23rd November 2016
SC Magazine: Facebook spam caught delivering Locky ransomware – also distributing Nemucod
28th August 2016
SANS Internet Storm Center: Voice Message Notifications Deliver Ransomware. Despite coming from ‘voicemail@*’ and the attachment having the filename extension ‘wav.zip’, these are not sound files but, apparently, ransomware. A more recent VirusTotal report indicates that many vendors are associating the campaign with Nemucod.
18th August 2016
[17th June 2016] Donnie Maasland for ESET on how Nemucod ups its game. Analysis of the downloader rather than its direct relationship with ransomware.
Roland Dela Paz describes for Fortinet how Nemucod, much spammed malware already well-known for downloading malware including (recently) Teslacrypt, now has the ability to drop ransomware directly (i.e. from its own body) including the ransom note and a batch file to initiate the encryption.
The good news is that the ransomware isn’t as effective as the ransom note tries to persuade the victims: not yet, anyway. It’s not the case that ‘Nobody can help you but us.’ That doesn’t mean this will always be the case, though.
Dela Paz notes some resemblance between this ransomware and KeyBTC but notes that it can’t be confirmed at present that there is a direct relationship.

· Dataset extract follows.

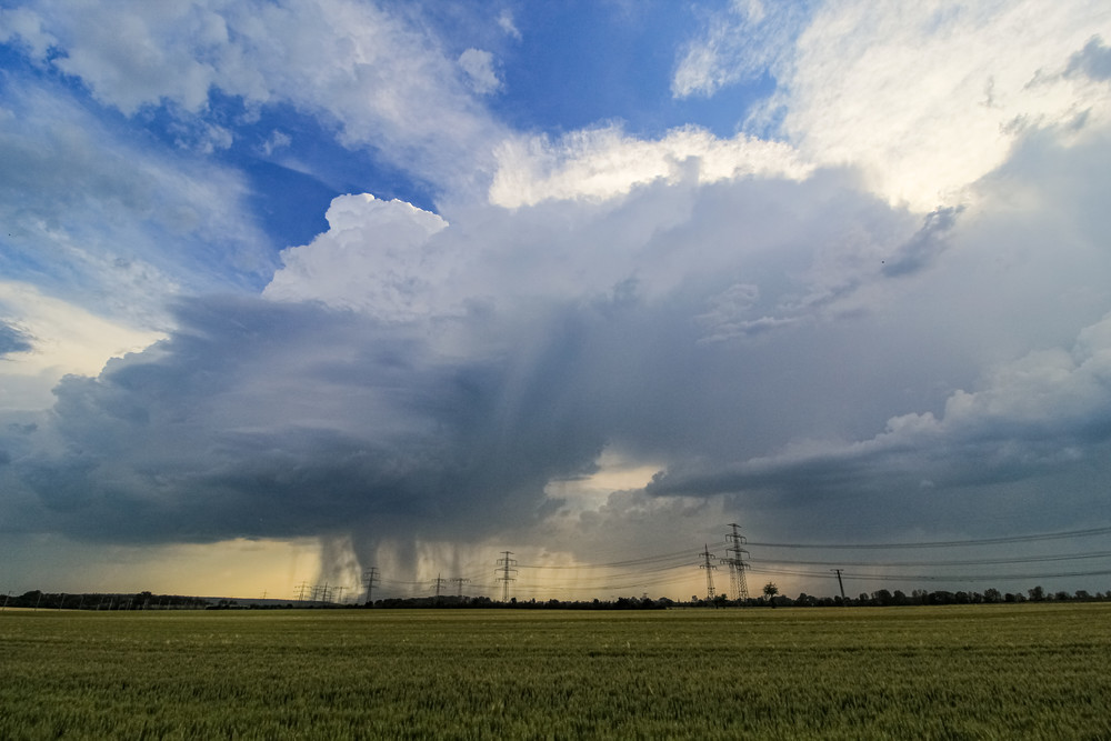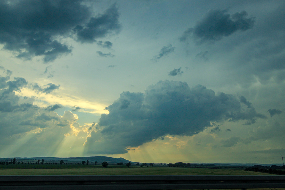 Zunächst ging es zurück zum Kreuz Rippachtal, um dort zu rasten. Die Ruhe währte jedoch nicht lange, denn schon auf dem Weg sahen wir eine freistehende Congestus, die immer weiter wuchs und kurz darauf auch schon rumpelte. Wir positionierten uns irgendwo zwischen Merseburg und Halle an der A38 und beobachteten die Zelle:

For ESET, Josep Albors includes information on the distribution of Locky and Teslacrypt by Nemucod: Trojan Downloaders on the rise: Don’t let Locky or TeslaCrypt ruin your day.
Softpedia reports that Nemucod’s CRYPTED Ransomware Can Be Neutralized with This Decrypter, Python-based software written by someone on the Bleeping Computer forums and converted to a Windows executable by Emsisoft’s Fabian Wosar.
An article by Reaqta explores the relationship between Kovter and Nemucod: Nemucod meets 7-Zip to launch ransomware attacks
NemucodFR may help recover Nemucod-encrypted files. (Not tested by me.)